A Twenty-First-Century Guide to Sailing the Sea of Story

by Ursula K. Le Guin

Pub Date: Sept. 1st, 2015
ISBN: 978-0-544-61161-0
Publisher: Mariner/Houghton Mifflin Harcourt

Practical writing advice from an acclaimed storyteller.

Prolific writer Le Guin (The Unreal and the Real: Selected Stories Volume One: Where on Earth, 2012, etc.)—author of more than 60 books of fiction, poetry, drama, and translation and winner of the National Book Foundation Medal for Distinguished Contribution to American Letters, among other awards—brings her experience as a writing workshop leader to this revision of her 1998 publication. In 10 chapters, the author considers basic writing topics, such as sound, rhythm, grammar, syntax, parts of speech (especially verbs, adverbs, and adjectives), and point of view. Each chapter contains examples from literature: an excerpt from Austen’s Mansfield Park demonstrates the author’s “vivid and versatile” syntax; a “glaringly bright scene” from Dickens’ Little Dorrit shows the power of a “single word…repeated like a hammer blow.” In addition, Le Guin has created short exercises “to clarify and intensify” awareness and hone technique. One exercise, “Am I Saramago,” (alluding to the Portuguese novelist who uses no punctuation), asks readers to write a 150-350–word narrative with no commas, periods, or paragraph breaks. A four-part exercise on point of view calls for writing a 200-350–word narrative and retelling it from the point of view of participants, a detached narrator, an observer-narrator, and an involved author. Le Guin guides readers in evaluating their work by themselves and in giving and responding to peer critiques. “While being critiqued,” she advises, “make notes of what people say about your story, even if the comments seem stupid.

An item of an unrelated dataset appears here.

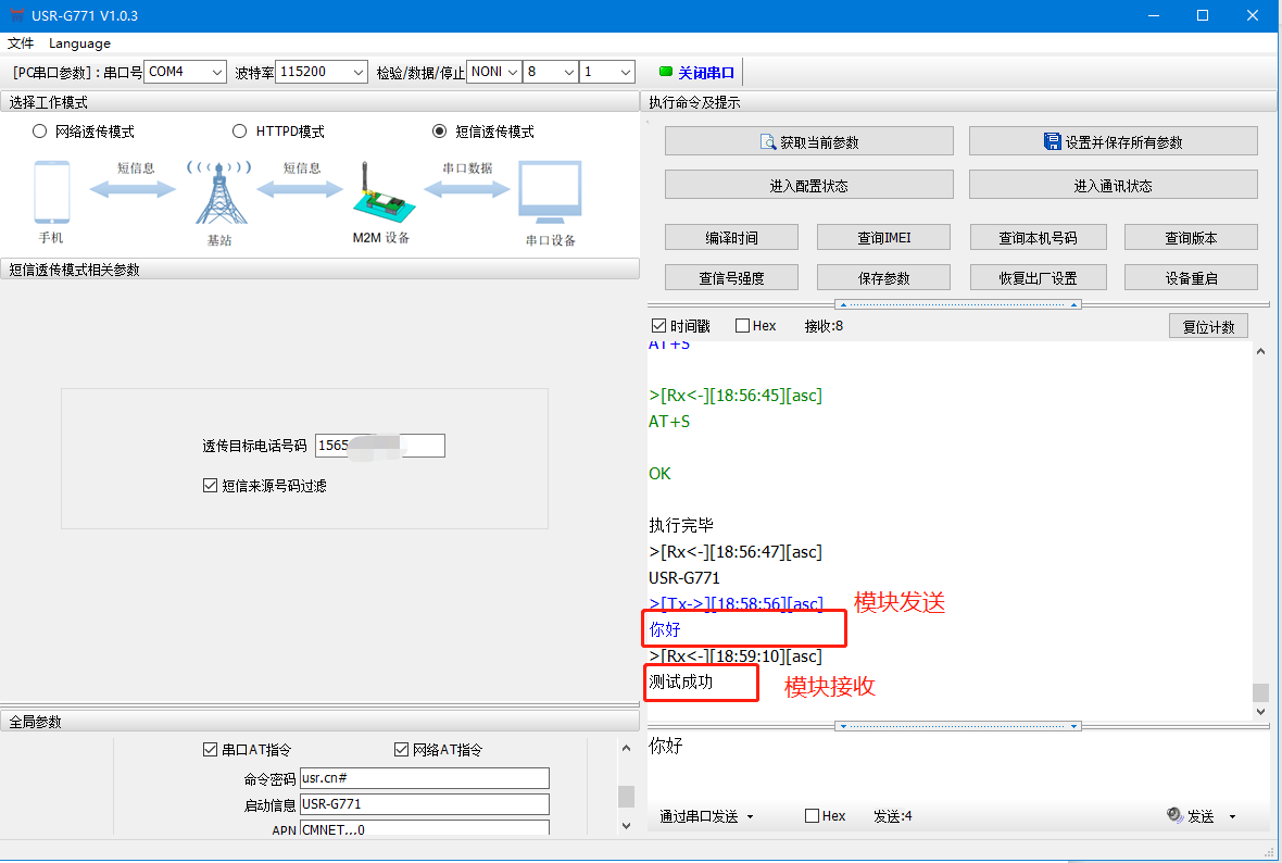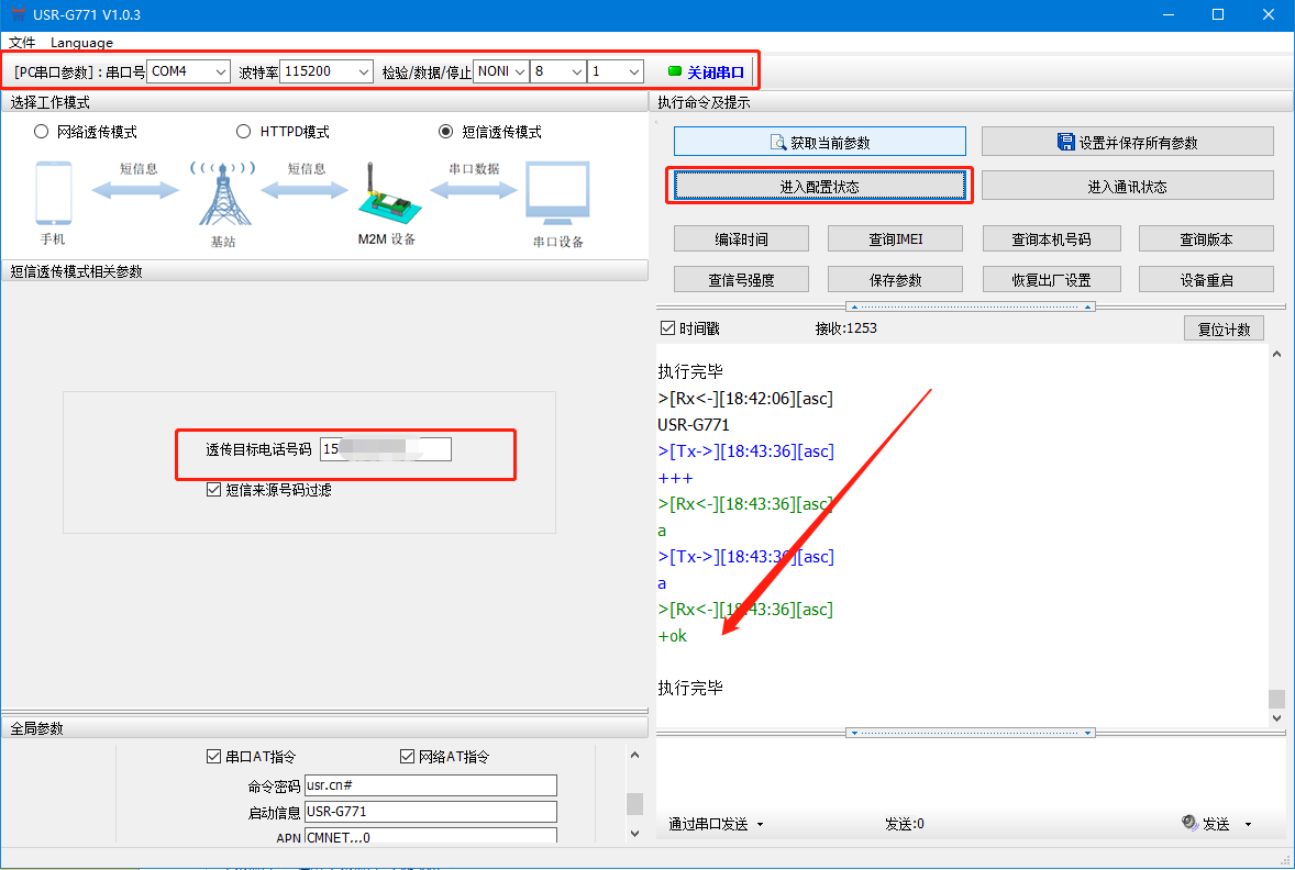 (2)打開串口——進入配置狀態——設置工作模式為短信透傳,設置目標手機號——設置并保存所有參數——串口打印開機信息說明設備重啟成功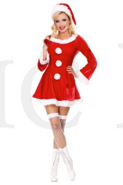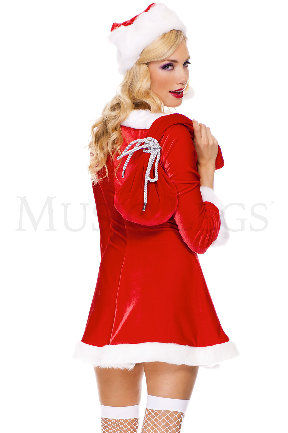 3 pc. Long sleeve marabou trimmed velvet dress Includes: santa sack and hat

They may make sense later.” The book’s title emphasizes the author’s belief that writing is essentially a craft that can be learned, practiced, and improved through attention and self-discipline. “Forced to weigh your words,” she writes, “you find out which are the Styrofoam and which are the heavy gold.”

A succinct, clear, and encouraging companion for aspiring writers.